DATA PROVIDED:

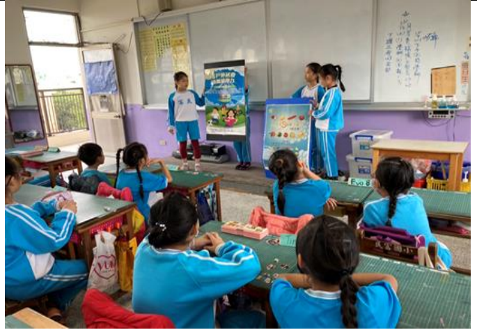
說明：健康小天使進行班級視力保健宣導
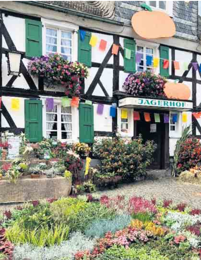
Blumenpracht am Jägerhof.

Mit Öffnung des Jägerhofs um 11 Uhr startet der Frühschoppen. Neben der obligatorischen Kürbissuppe werden leckere Waffeln mit heißen Kirschen und mehr angeboten. Mit Livemusik der Familie Rink werden große und kleine Leute unterhalten. Eine Hüpfburg wartet im Garten auf „Kundschaft“. Das Blumenmeer am Jägerhof, von Blumen Krumme im Frühjahr liebevoll gestaltet, wird seine größte Pracht zum Kürbisfest entfalten. Pflanzenexperte und Kürbiskenner Jürgen Krumme unterstützt die Veranstaltung und steht für Fachfragen zur Verfügung.
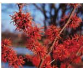
Sliki prikazujeta Zvito lesko levo in Nepozebo (Hamamelis) desno.

Sonce s svojim toplim objemom privabi izpod listja prve pomladne cvetlice. Tako se izpod grmov Hamamelisa na pogled pokažejo telohi v vsej svoji lepoti. Po travnikih in gozdovih se razprostirajo preproge belih zvončkov in po obronkih iz trave sramežljivo pokukajo vijolice in nežne rumene cvetlice – trobentice. Takšne, kot so jih poznale že naše babice, so obogatile hibridne vrste, ki se odražajo v vseh mogočih barvah in tudi oblikah. Razveseljujejo nas na vsakem koraku, ob vhodu, na terasah, v gredicah in v dnevni sobi.
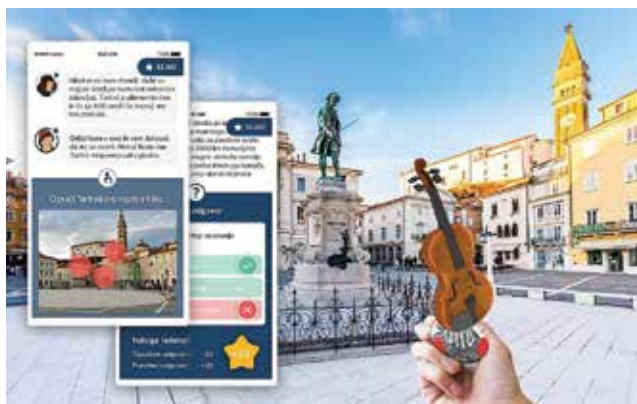
Slika 5: Reševanje izzivov v mobilni aplikaciji Nexto ( http://proxima.si/sl/project/nexto , pridobljeno 12. 2. 2021)

Inovativna in sodobna učna okolja podprta z uporabo različnih informacijsko-komunikacijskih orodij učencem omogočajo poglobljeno usvajanje učne snovi in jim pomagajo pri doseganju višjih oblik učenja ter povezovanja znanja. Učenci so pri učenju motivirani, osredotočeni in željni sprejemati nova znanja. Prožne oblike učenja in inovativna učna okolja podprta z informacijsko-komunikacijsko tehnologijo podpirajo razvijanje ključnih kompetenc 21. stoletja, in sicer učenje, poučevanje, vrednotenje, vsebino, kurikulum, organizacijo, vodenje in vrednote. Za ustvarjanje spodbudnih učnih okolij potrebujemo multidisciplinarni pristop, ki predstavlja enega izmed pomembnih izzivov sodobne in inovativne šole. Za uresničevanje sodobnih konceptov znanja je potrebno zagotoviti vzgojno-izobraževalni načrt, ki je usmerjen na učen-

TASK STATEMENT: From the line that has "Sliki prikazujeta Zvito" through the line that has "Sonce s svojim", copy every line exactly as it appears above, and leave out all others.

RESPONSE AREA:
Sliki prikazujeta Zvito lesko levo in Nepozebo (Hamamelis) desno.

Sonce s svojim toplim objemom privabi izpod listja prve pomladne cvetlice. Tako se izpod grmov Hamamelisa na pogled pokažejo telohi v vsej svoji lepoti. Po travnikih in gozdovih se razprostirajo preproge belih zvončkov in po obronkih iz trave sramežljivo pokukajo vijolice in nežne rumene cvetlice – trobentice. Takšne, kot so jih poznale že naše babice, so obogatile hibridne vrste, ki se odražajo v vseh mogočih barvah in tudi oblikah. Razveseljujejo nas na vsakem koraku, ob vhodu, na terasah, v gredicah in v dnevni sobi.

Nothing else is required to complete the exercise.